*** Begin section ***

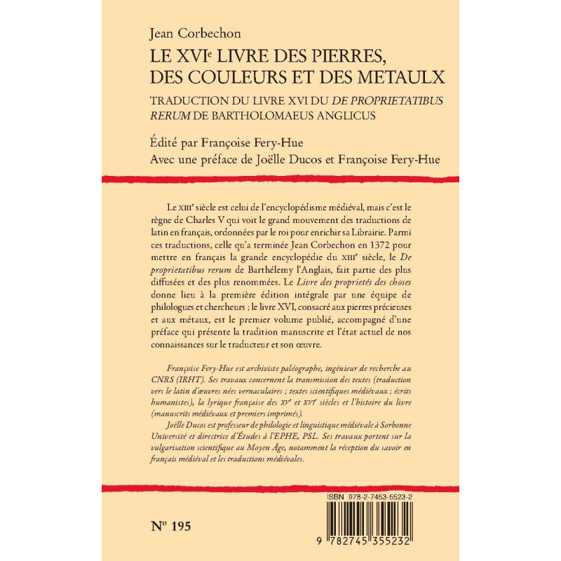 Le XIIIe siècle est celui de l’encyclopédisme médiéval, mais c’est le règne de Charles V qui voit le grand mouvement des traductions de latin en français, ordonnées par le roi pour enrichir sa Librairie. Parmi ces traductions, celle qu’a terminée Jean Corbechon en 1372 pour mettre en français la grande encyclopédie du XIIIe siècle, le De proprietatibus rerum de Barthélemy l’Anglais, fait partie des plus diffusées et des plus renommées. Le Livre des proprietés des choses donne lieu à la première édition intégrale par une équipe de philologues et chercheurs ; le livre XVI, consacré aux pierres précieuses et aux métaux, est le premier volume publié, accompagné d’une préface qui présente la tradition manuscrite et l’état actuel de nos connaissances sur le traducteur et son œuvre.
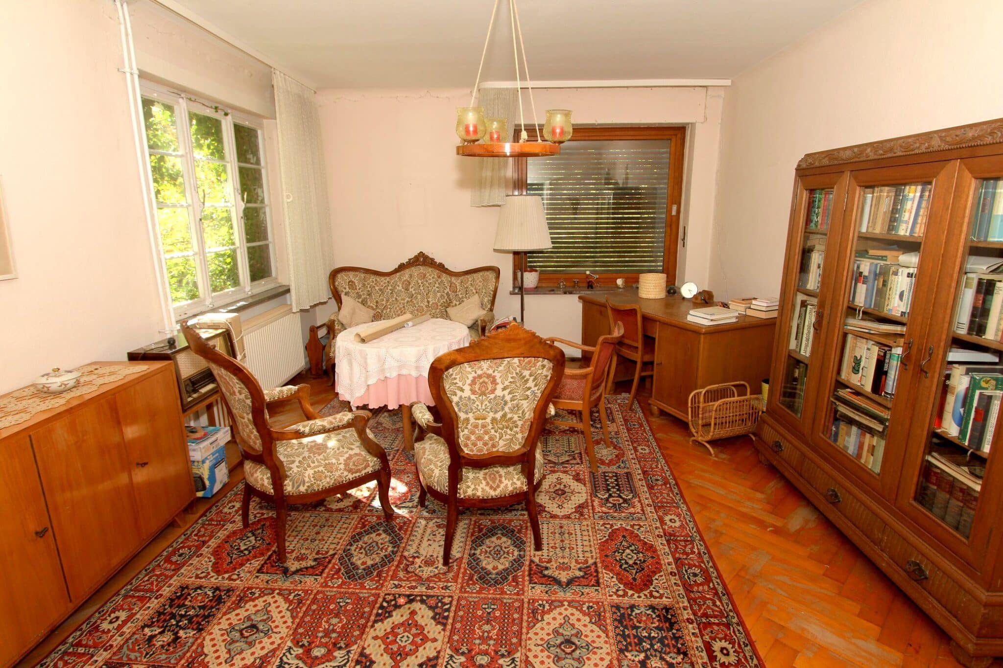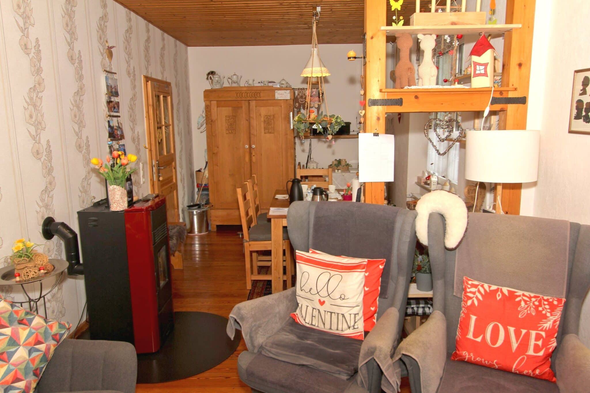 Die Wohnbereiche befinden sich in vorbildlich renoviertem Zustand und könnten direkt bezogen werden. Alle Arbeiten im und am Haus wurden von regional ansässigen Fachfirmen ausgeführt. Die Dachgeschosswohnung ist vermietet.
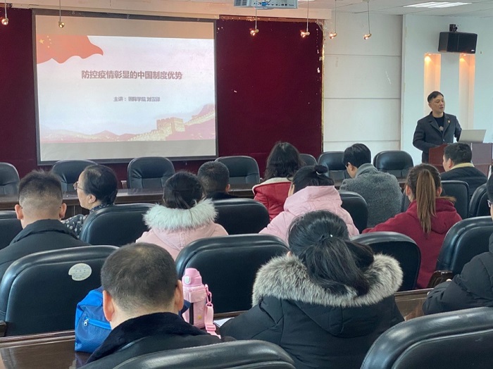 刘雪影从“伟大的党、伟大的人民、伟大的体制”三方面讲述了自新冠疫情发生以来,以习近平同志为核心的党中央高度重视,科学研判形势,果断决策、迅速部署。在党中央的集中统一领导下,全国全社会都组织动员起来。各地医疗队、医护人员驰援抗疫前线。全国一盘棋,调动各方面在极短时间建成火神山、雷神山两座医院,我国国家治理体系和治理能力展现出令世界惊叹的高效,为世界各国遏制疫情争取了时间,为早日恢复正常生产生活赢得了主动。

*** End section ***

Work request:
Copy out every line of the data above, taking care to leave the pictures out.

Written answer:
 Le XIIIe siècle est celui de l’encyclopédisme médiéval, mais c’est le règne de Charles V qui voit le grand mouvement des traductions de latin en français, ordonnées par le roi pour enrichir sa Librairie. Parmi ces traductions, celle qu’a terminée Jean Corbechon en 1372 pour mettre en français la grande encyclopédie du XIIIe siècle, le De proprietatibus rerum de Barthélemy l’Anglais, fait partie des plus diffusées et des plus renommées. Le Livre des proprietés des choses donne lieu à la première édition intégrale par une équipe de philologues et chercheurs ; le livre XVI, consacré aux pierres précieuses et aux métaux, est le premier volume publié, accompagné d’une préface qui présente la tradition manuscrite et l’état actuel de nos connaissances sur le traducteur et son œuvre.
 Die Wohnbereiche befinden sich in vorbildlich renoviertem Zustand und könnten direkt bezogen werden. Alle Arbeiten im und am Haus wurden von regional ansässigen Fachfirmen ausgeführt. Die Dachgeschosswohnung ist vermietet.
 刘雪影从“伟大的党、伟大的人民、伟大的体制”三方面讲述了自新冠疫情发生以来,以习近平同志为核心的党中央高度重视,科学研判形势,果断决策、迅速部署。在党中央的集中统一领导下,全国全社会都组织动员起来。各地医疗队、医护人员驰援抗疫前线。全国一盘棋,调动各方面在极短时间建成火神山、雷神山两座医院,我国国家治理体系和治理能力展现出令世界惊叹的高效,为世界各国遏制疫情争取了时间,为早日恢复正常生产生活赢得了主动。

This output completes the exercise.